What to produce → Reproduce the following entries verbatim, each one complete.

Source data →
________________

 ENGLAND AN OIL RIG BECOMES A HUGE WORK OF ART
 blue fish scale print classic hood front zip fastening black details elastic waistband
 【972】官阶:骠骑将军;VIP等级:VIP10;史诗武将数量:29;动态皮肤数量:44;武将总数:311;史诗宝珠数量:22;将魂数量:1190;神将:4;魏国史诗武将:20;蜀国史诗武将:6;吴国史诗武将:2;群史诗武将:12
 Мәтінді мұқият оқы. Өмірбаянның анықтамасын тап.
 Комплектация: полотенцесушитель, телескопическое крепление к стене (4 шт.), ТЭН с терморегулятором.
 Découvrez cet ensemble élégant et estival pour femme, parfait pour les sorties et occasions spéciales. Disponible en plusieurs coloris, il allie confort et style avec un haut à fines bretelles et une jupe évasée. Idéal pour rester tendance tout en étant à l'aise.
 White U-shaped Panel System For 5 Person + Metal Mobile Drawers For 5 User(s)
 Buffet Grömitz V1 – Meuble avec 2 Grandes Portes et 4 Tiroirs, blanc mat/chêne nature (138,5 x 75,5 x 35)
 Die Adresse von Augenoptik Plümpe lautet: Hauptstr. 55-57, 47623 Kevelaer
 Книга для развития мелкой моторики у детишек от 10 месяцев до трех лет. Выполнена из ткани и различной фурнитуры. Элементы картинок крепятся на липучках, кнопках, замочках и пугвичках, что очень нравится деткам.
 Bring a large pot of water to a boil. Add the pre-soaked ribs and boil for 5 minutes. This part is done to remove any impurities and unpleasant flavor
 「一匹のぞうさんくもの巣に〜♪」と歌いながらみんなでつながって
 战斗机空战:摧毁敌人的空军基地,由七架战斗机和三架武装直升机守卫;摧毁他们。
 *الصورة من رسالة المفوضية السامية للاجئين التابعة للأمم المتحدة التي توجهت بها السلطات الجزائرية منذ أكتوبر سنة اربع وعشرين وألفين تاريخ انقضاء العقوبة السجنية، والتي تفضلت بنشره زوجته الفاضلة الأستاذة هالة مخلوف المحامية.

________________

Result for this exercise →
 ENGLAND AN OIL RIG BECOMES A HUGE WORK OF ART
 blue fish scale print classic hood front zip fastening black details elastic waistband
 【972】官阶:骠骑将军;VIP等级:VIP10;史诗武将数量:29;动态皮肤数量:44;武将总数:311;史诗宝珠数量:22;将魂数量:1190;神将:4;魏国史诗武将:20;蜀国史诗武将:6;吴国史诗武将:2;群史诗武将:12
 Мәтінді мұқият оқы. Өмірбаянның анықтамасын тап.
 Комплектация: полотенцесушитель, телескопическое крепление к стене (4 шт.), ТЭН с терморегулятором.
 Découvrez cet ensemble élégant et estival pour femme, parfait pour les sorties et occasions spéciales. Disponible en plusieurs coloris, il allie confort et style avec un haut à fines bretelles et une jupe évasée. Idéal pour rester tendance tout en étant à l'aise.
 White U-shaped Panel System For 5 Person + Metal Mobile Drawers For 5 User(s)
 Buffet Grömitz V1 – Meuble avec 2 Grandes Portes et 4 Tiroirs, blanc mat/chêne nature (138,5 x 75,5 x 35)
 Die Adresse von Augenoptik Plümpe lautet: Hauptstr. 55-57, 47623 Kevelaer
 Книга для развития мелкой моторики у детишек от 10 месяцев до трех лет. Выполнена из ткани и различной фурнитуры. Элементы картинок крепятся на липучках, кнопках, замочках и пугвичках, что очень нравится деткам.
 Bring a large pot of water to a boil. Add the pre-soaked ribs and boil for 5 minutes. This part is done to remove any impurities and unpleasant flavor
 「一匹のぞうさんくもの巣に〜♪」と歌いながらみんなでつながって
 战斗机空战:摧毁敌人的空军基地,由七架战斗机和三架武装直升机守卫;摧毁他们。
 *الصورة من رسالة المفوضية السامية للاجئين التابعة للأمم المتحدة التي توجهت بها السلطات الجزائرية منذ أكتوبر سنة اربع وعشرين وألفين تاريخ انقضاء العقوبة السجنية، والتي تفضلت بنشره زوجته الفاضلة الأستاذة هالة مخلوف المحامية.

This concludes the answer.